# Data segment
+===+

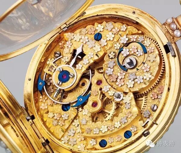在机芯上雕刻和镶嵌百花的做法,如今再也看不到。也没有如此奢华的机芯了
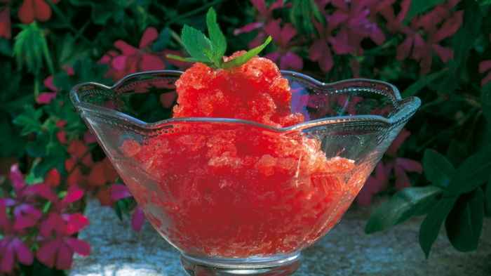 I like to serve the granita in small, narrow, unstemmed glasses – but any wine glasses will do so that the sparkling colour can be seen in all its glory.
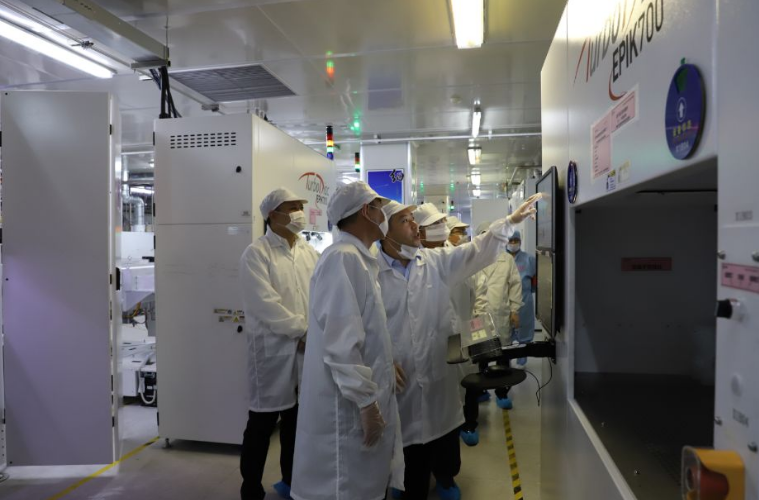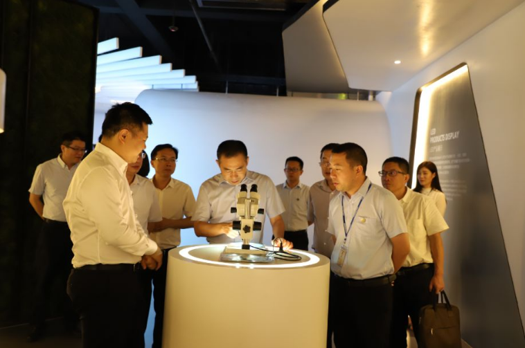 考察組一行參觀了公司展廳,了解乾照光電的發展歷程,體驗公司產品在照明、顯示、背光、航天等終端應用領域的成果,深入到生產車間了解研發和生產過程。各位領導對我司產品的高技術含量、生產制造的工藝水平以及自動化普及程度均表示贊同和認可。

+===+

# Task details
Transcribe the full listing above exactly as it stands, minus the pictures.

# Expected answer
在机芯上雕刻和镶嵌百花的做法,如今再也看不到。也没有如此奢华的机芯了
 I like to serve the granita in small, narrow, unstemmed glasses – but any wine glasses will do so that the sparkling colour can be seen in all its glory.
 考察組一行參觀了公司展廳,了解乾照光電的發展歷程,體驗公司產品在照明、顯示、背光、航天等終端應用領域的成果,深入到生產車間了解研發和生產過程。各位領導對我司產品的高技術含量、生產制造的工藝水平以及自動化普及程度均表示贊同和認可。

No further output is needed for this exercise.